Exercise data:
┄┄┄┄┄┄

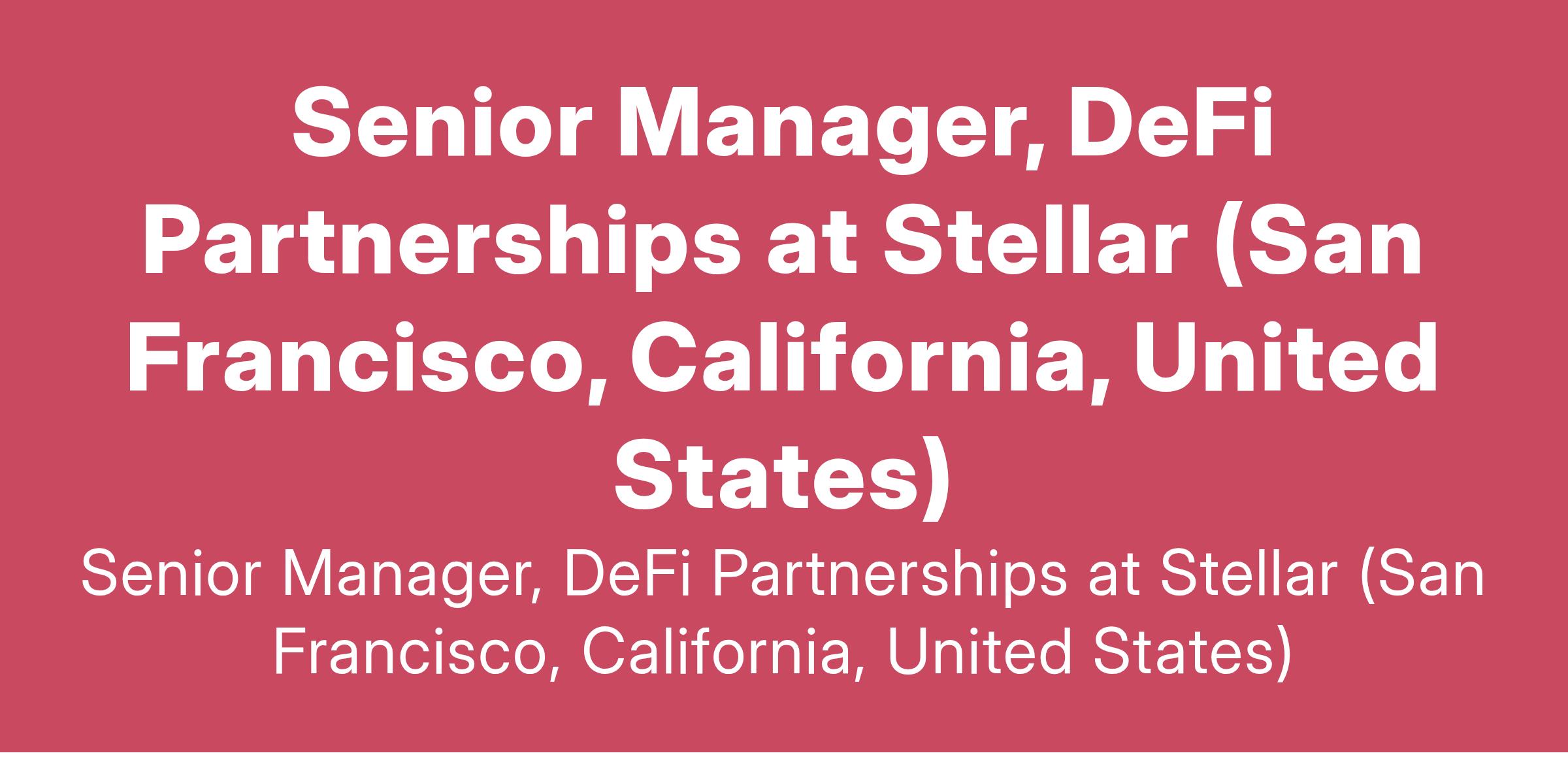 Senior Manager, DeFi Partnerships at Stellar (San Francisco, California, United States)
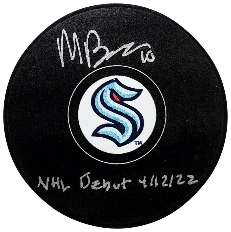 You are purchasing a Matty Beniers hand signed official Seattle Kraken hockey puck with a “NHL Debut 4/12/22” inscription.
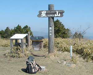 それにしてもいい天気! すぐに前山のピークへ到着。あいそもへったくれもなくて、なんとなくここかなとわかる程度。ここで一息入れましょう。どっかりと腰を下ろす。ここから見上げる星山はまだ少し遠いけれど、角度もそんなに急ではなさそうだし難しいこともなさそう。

┄┄┄┄┄┄

Task statement: Each line above must be set down exactly, though no picture should be carried over.

Answer space:
 Senior Manager, DeFi Partnerships at Stellar (San Francisco, California, United States)
 You are purchasing a Matty Beniers hand signed official Seattle Kraken hockey puck with a “NHL Debut 4/12/22” inscription.
 それにしてもいい天気! すぐに前山のピークへ到着。あいそもへったくれもなくて、なんとなくここかなとわかる程度。ここで一息入れましょう。どっかりと腰を下ろす。ここから見上げる星山はまだ少し遠いけれど、角度もそんなに急ではなさそうだし難しいこともなさそう。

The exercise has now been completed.